When Under Armour (UA) CEO Kevin Plank first envisioned a performance based t-shirt to wear under his University of Maryland football pads, he couldn’t have anticipated how revolutionary such an item could be. Now that vision has turned into an S&P 500 company among one of the leaders in sports performance merchandisers. 

Plank, who was a public supporter of Donald J. Trump’s election campaign, admired the president’s pro-business mindset for the U.S. Despite his previous admiration, he and two other CEOs left Trump’s manufacturing council late Monday evening, which resulted in the president ending the council altogether. The president’s inability to condemn the racist attacks in Charlottesville over the weekend reportedly impacted the businesses' decisions. But in retrospect, Plank’s company has needed internal changes anyway. 

The Maryland native and Terps alum has grown UA into a multi-billion dollar corporation, after installing a shirt in the mid to late 90’s that wiped perspiration from one's skin.
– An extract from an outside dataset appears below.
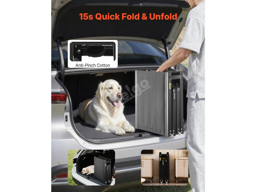 Psí rampa do auta má protiskluzový povrch a skládací konstrukce umožňuje snadné skladování a přenášení. Pomáhá domácím mazlíčkům bezpečně a s jistotou nastupovat a vystupovat z auta nebo stoupat po schodech, je vhodná pro více scénářů

The third musketeer of the ‘Big 3’ sports apparel brands has been struggling over the last 12 months though. In fact, it was the lowest performing stock in the S&P 500 at the beginning of August. With its stock trending downward during this fiscal year, at nearly 49%, consumers are worried about UA. The company is now cutting 2% of its jobs, and half of these cuts are coming directly from its headquarters in Baltimore, according to a spokeswoman with UA. 

First off, UA’s partnership with Kohl’s hasn’t helped to revitalize the stock. Plus top competitor Adidas recently made history with Major League Soccer (MLS), too. The real reason behind this decline and shift in the brand’s focus comes from a meeting in April that not only left UA out to dry, but also Nike and Adidas. The sports apparel franchises missed out on the type of player who would be a sponsorship steal. It wasn’t Stephen Curry, Kyrie Irving or even Russell Westbrook, but Lonzo Anderson Ball. 

The Los Angeles Lakers #2 overall pick in the NBA Draft was the most-coveted professional hoops prospect this year. The Lakers franchise not only received a once in a generation talent, but it also captured the family brand that came with it. Lonzo’s brand was started by his father Lavar who is undoubtedly more ‘Hollywood’ than his 19-year-old son with a lauded skillset.

The Big Baller Brand (BBB) was Lavar’s plan to crush the NCAA, which categorizes its players as amateurs unable to use his/her name or picture to endorse a commercial product. The Ball family brand is fully stocked with t-shirts, sweats, caps, and also the once highly-anticipated signature shoe. The strategy behind the company’s movement is to accomplish a feat neither basketball greats Lebron James or Kobe Bryant ever did before turning pro: rock his own pair of sneakers.

As the BBB’s shoe drew headlines for its price tag, sports manufacturers surely took notice. All three mega-companies (Adidas, Nike, and UA) offered Lonzo $10 Million to have his own shoe deal, yet the elder Ball declined due to his desire for a co-brander and not an endorsement deal. With UA’s most recent 2% decrease in shoe sales, the insufferable genius displayed once again by Lavar is contributing directly to its losses in the stock market. It missed the opportunity to partner with the player some are comparing to Magic Johnson, and his soon to be competitive brand. 

In 1996, someone took a chance on Kevin Plank’s battle-proof undershirts making he/she look like an expert investor. Now Plank is attempting to redeem his company's reputation with its recent move. 

If sports apparel companies like UA were really smart, they’d get their head in the game and become a ‘big baller.’